Work to be completed:
Drop every picture, then print the rest of the listing exactly as given.
-- The records follows --
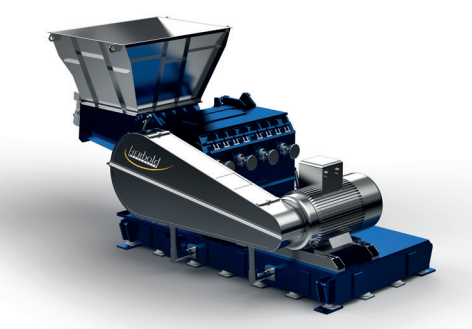
Fig. 1: SMS Granulator of the SB series with forced feeding

1. Our machines and plants are powerful and competitive and our technology is always improving. The machines have a high resale value over many years.
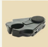
Walking Stick Clip
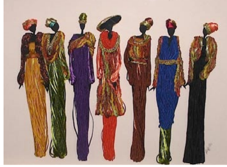
Work by Addell Saunders

The Charleston County Public Library in Charleston, SC, will present the exhibit Images of South America: Sailing With Art - An Inter-American Artistic Dialogue Exhibit, on view in the library's lobby, from Sept. 6 through Oct. 6, 2012. A reception will be held on Sept. 6, from 6-8pm.
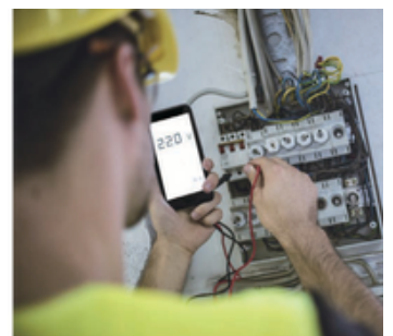
Electric Power Inspection
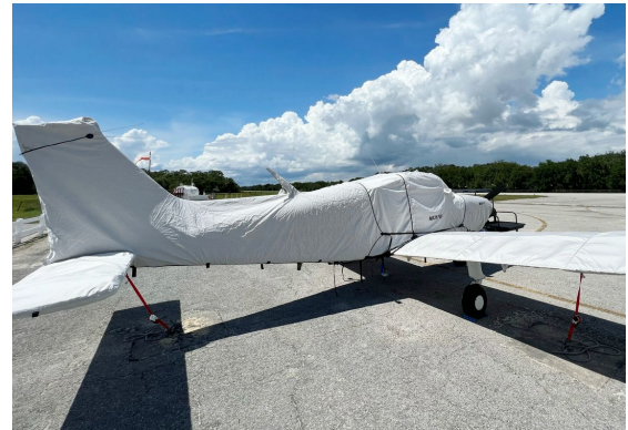
Beech Musketeer A23 Cover Set
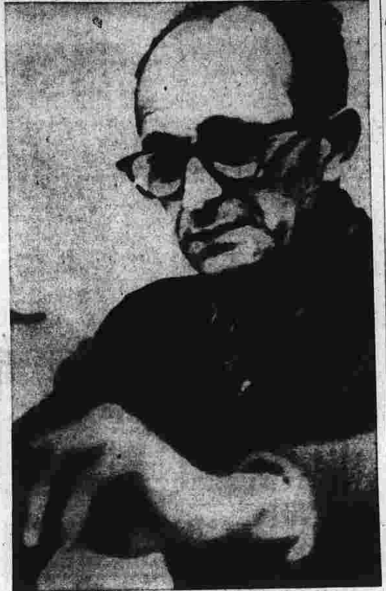
This Is Eichmann
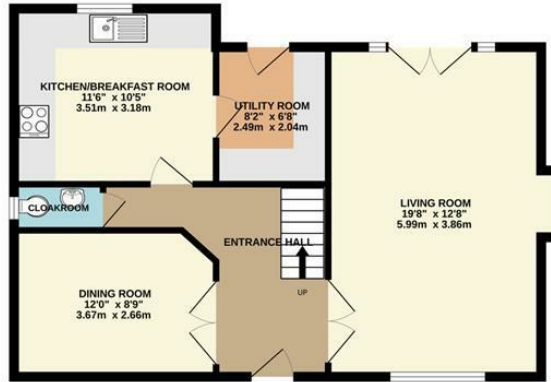
GROUND FLOOR 648 sq.ft. (60.2 sq.m.) approx.
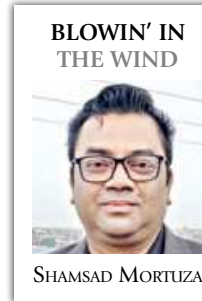
BLOWN' IN THE WIND
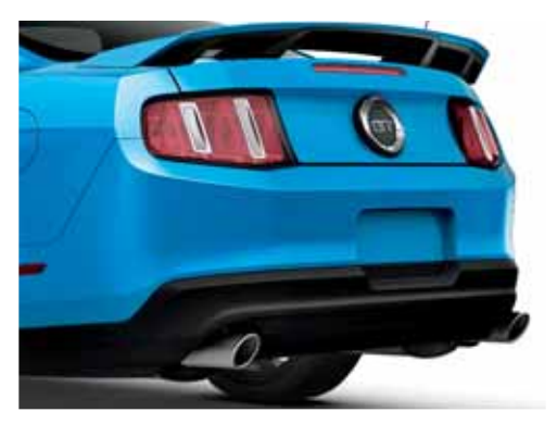
Rear Lower Fascia - Diffuser-Style
-- The records concluded --
Response:
Fig. 1: SMS Granulator of the SB series with forced feeding

1. Our machines and plants are powerful and competitive and our technology is always improving. The machines have a high resale value over many years.
Walking Stick Clip
Work by Addell Saunders

The Charleston County Public Library in Charleston, SC, will present the exhibit Images of South America: Sailing With Art - An Inter-American Artistic Dialogue Exhibit, on view in the library's lobby, from Sept. 6 through Oct. 6, 2012. A reception will be held on Sept. 6, from 6-8pm.
Electric Power Inspection
Beech Musketeer A23 Cover Set
This Is Eichmann
GROUND FLOOR 648 sq.ft. (60.2 sq.m.) approx.
BLOWN' IN THE WIND
Rear Lower Fascia - Diffuser-Style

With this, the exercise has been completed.